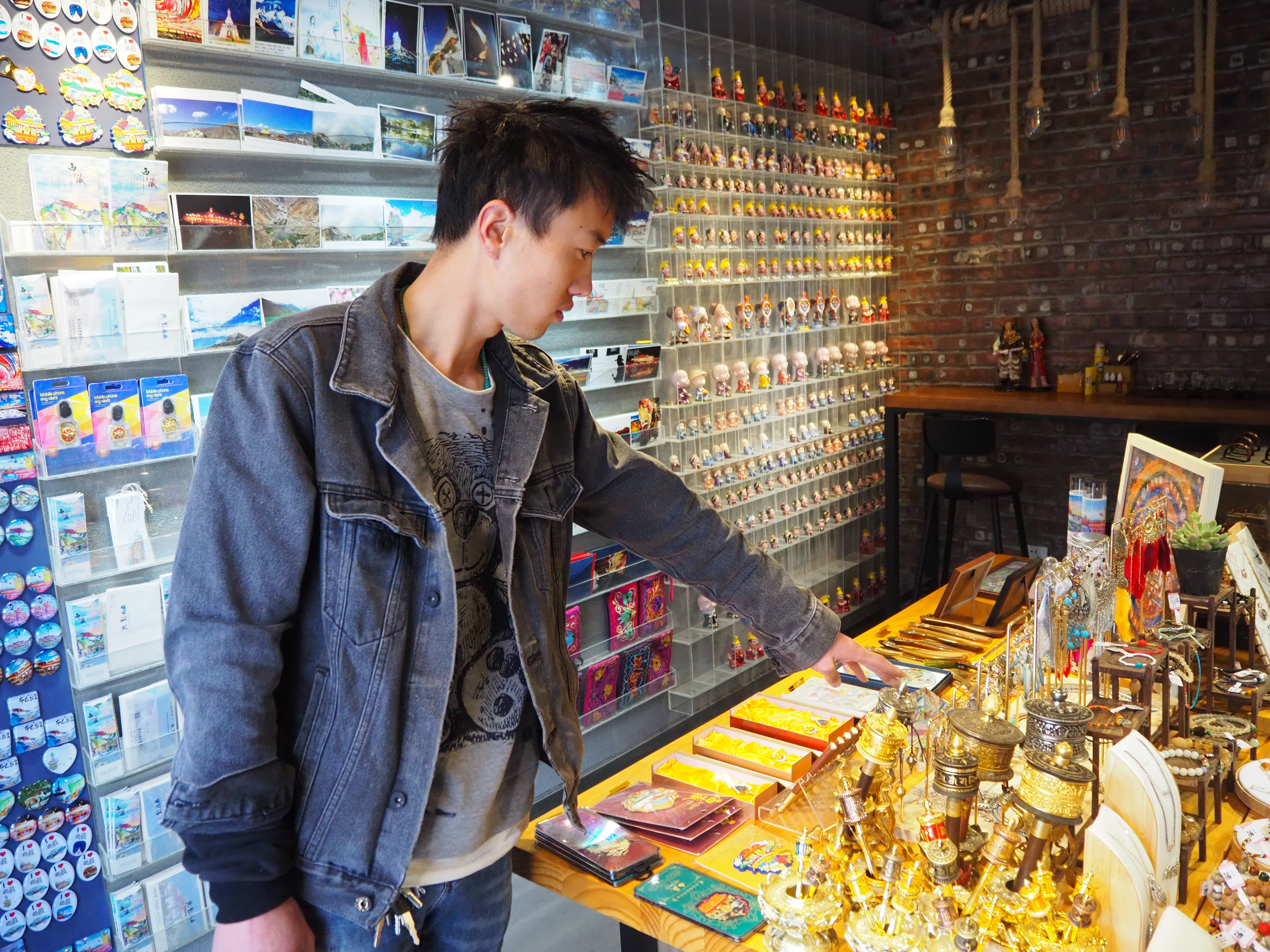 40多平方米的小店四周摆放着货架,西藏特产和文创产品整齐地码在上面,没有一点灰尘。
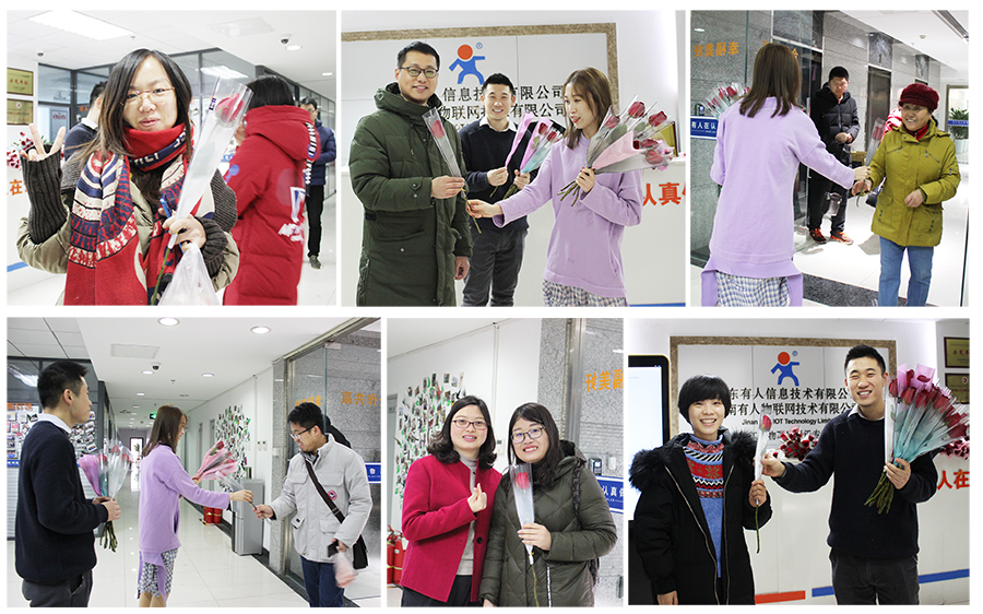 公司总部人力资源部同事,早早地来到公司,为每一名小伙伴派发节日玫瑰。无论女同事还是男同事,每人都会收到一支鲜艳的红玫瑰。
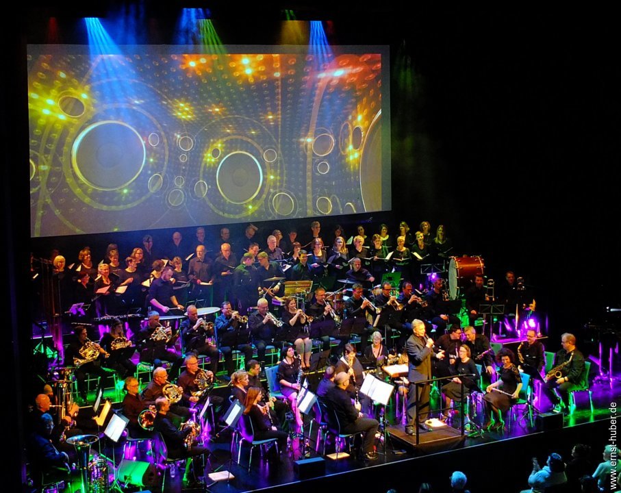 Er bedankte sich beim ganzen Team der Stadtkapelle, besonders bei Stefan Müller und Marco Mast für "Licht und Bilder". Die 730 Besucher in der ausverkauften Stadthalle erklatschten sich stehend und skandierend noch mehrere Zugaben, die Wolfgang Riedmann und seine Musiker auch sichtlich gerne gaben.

- _Your assignment_: Only the lines from the line holding "公司总部人力资源部同事,早早" through the last line above belong in the answer, repeated exactly; the pictures do not.

- _Answer section_:
 公司总部人力资源部同事,早早地来到公司,为每一名小伙伴派发节日玫瑰。无论女同事还是男同事,每人都会收到一支鲜艳的红玫瑰。
 Er bedankte sich beim ganzen Team der Stadtkapelle, besonders bei Stefan Müller und Marco Mast für "Licht und Bilder". Die 730 Besucher in der ausverkauften Stadthalle erklatschten sich stehend und skandierend noch mehrere Zugaben, die Wolfgang Riedmann und seine Musiker auch sichtlich gerne gaben.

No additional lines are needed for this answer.